Entry from December 15, 2008

The New York Times obit told us she was “a legendary pinup girl whose photographs in the nude, in bondage and in naughty-but-nice poses appeared in men’s magazines and private stashes across America in the 1950s and set the stage for the sexual revolution of the rebellious ’60s.” The Times liked this formulation so well that it repeated it word-for-word in its helpful, illustrative “slideshow” of those “naughty-but-nice” poses. The Times of London must have been struck by a similar inspiration, noting only slightly more modestly that she “helped to set the stage for the sexual revolution of the 1960s,” while the London Daily Telegraph had it that “she emerged as a pivotal figure on the eve of the sexual revolution.” What journalistic instruments we have agree, it seems: the late Bettie Page was a progressive pioneer, a precursor if not the onlie begetter of the sexual revolution. Hooray!

But if you go so far in celebration, you have to go further, I think. Another of the New York Times’s captions tells us that “Bettie Page was the most famous pinup girl of the post-World War II era, a centerfold on a million locker doors and garage walls.” The other Times noted that “her saucy, come-hither image adorned the walls of countless student halls, garages, locker rooms and barracks,” while the Telegraph allowed as to how “provocative pictures of her in bikinis or sexy lingerie became hugely popular, tacked up on the walls of [what else?] locker rooms, student halls, offices and military barracks.” The Washington Post added that “Pinned on the walls of auto-repair shops, taped inside Army barracks footlockers or slipped between the pages of school textbooks, the come-hither photos of the raven-haired Ms. Page rivaled the popularity of blond beauties Marilyn Monroe and Jayne Mansfield.”

Um, excuse me for asking but is such catering to frankly expressed male lust for obviously commercial purposes a good thing then? In any other context, it’s hard to imagine that these highly respectable organs, especially The Washington Post and The New York Times — British journalists, more experienced at selling sex, are somewhat unreconstructed in this respect — would not have disapproved of this “objectivization” of a woman for sexual purposes.
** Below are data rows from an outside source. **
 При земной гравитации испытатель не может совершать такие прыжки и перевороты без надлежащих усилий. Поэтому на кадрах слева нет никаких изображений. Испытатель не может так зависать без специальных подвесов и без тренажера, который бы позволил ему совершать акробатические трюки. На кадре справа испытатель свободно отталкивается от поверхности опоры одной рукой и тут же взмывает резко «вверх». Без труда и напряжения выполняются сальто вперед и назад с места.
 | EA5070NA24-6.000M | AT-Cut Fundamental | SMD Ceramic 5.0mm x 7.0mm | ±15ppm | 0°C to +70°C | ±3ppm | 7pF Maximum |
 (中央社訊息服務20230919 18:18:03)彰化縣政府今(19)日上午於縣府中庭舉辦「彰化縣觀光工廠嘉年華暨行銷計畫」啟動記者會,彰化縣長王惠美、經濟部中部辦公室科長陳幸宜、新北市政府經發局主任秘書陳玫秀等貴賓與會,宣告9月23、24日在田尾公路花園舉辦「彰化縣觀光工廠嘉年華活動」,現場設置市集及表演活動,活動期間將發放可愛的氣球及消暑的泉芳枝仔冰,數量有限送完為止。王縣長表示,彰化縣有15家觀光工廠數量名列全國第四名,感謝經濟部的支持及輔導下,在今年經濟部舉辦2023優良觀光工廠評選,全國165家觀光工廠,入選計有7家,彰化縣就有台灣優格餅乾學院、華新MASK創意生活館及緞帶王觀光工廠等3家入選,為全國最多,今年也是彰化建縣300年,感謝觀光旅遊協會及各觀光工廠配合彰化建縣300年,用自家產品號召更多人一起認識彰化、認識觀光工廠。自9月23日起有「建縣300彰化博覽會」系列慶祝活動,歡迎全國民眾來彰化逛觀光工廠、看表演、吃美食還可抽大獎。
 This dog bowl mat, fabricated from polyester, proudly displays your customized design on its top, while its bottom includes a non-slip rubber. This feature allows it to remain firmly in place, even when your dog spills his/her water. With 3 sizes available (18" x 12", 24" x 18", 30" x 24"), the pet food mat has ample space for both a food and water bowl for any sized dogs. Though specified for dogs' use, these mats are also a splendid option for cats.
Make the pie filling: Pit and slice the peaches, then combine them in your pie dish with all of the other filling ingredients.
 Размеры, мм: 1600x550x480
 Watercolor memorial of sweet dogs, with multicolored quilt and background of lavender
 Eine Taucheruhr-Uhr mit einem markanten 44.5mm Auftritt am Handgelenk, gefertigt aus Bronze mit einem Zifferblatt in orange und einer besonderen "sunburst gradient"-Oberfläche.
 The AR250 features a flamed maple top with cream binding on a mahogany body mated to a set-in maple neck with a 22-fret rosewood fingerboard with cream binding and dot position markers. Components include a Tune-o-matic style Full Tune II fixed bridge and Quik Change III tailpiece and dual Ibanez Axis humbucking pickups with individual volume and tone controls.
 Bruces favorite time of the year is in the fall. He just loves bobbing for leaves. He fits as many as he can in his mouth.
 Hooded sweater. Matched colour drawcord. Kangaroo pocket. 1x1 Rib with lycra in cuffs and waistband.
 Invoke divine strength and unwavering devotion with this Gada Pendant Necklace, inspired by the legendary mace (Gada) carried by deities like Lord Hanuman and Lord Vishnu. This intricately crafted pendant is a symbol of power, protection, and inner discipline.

Yet it would seem that, as a stage along the way to a progressive development, just such objectivization becomes not just OK but something to be excited about. Maybe that pose in the altogether with a Santa hat for Playboy in 1955 was sexist by today’s standards, but at the time it was practically the shot heard round the world in a revolution that it is now OK, even mandatory to approve of.
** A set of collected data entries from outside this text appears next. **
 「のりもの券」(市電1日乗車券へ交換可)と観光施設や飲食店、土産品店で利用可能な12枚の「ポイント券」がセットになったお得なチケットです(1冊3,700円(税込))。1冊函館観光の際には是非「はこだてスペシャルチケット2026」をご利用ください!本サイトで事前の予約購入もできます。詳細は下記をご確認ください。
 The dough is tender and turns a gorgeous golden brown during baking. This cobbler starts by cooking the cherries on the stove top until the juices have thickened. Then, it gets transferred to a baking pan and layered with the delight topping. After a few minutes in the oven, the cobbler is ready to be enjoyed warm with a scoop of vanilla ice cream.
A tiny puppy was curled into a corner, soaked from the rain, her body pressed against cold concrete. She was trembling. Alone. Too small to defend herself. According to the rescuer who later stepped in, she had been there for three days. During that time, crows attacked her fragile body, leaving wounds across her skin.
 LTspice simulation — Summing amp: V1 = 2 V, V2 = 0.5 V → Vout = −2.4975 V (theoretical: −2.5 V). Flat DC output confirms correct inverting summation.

And that, in turn, means that it is OK if not mandatory for us guys to admire 50-year old cheesecake, as they quaintly used to call it, as supplied by The New York Times — which, however, leaves out the Playboy pose along with (one supposes) some other naughty-but-nice ones that skewed to the naughty side. Even women are free to enjoy the stuff, so long as it is put in the context of a milestone on the road to sexual liberation. As Manohla Dargis, also in The New York Times, put it, “To look at these photographs is to enter another world. I don’t think for a minute it was a more innocent world, but it was one in which sexualized images of women, even trussed up in rope, seemed somehow, well, charming.”

Like the smash hit TV show, “Mad Men,” Miss Page’s “work” — a revival of interest in which during the last decade or so of her life gave her a comfortable retirement after some serious hardships — became an appeal to the sense of nostalgia of a generation raised on political correctness for a different sort of naughty-but-niceness. For the appalling “sexism” of “Mad Men” was part of a whole range of pre-revolutionary immorality or unhealthiness that for us is as much a forbidden pleasure as sex was for Bettie Page’s locker room fans. That show’s extra-marital sex may have been shameful but it was frankly enjoyed by both parties, as was their heavy drinking and smoking. We are excused to enjoy all three — and some other things as well — vicariously on the grounds that these people had not yet been enlightened, as we are enlightened, or had their revolutionary consciousness raised. The boundaries of the “transgressive” have been re-drawn for our time, but I wonder whether our enjoyment of crossing them with nostalgia as an excuse will ever prove as “charming” to our descendants as Bettie and her contemporary fans now do to us?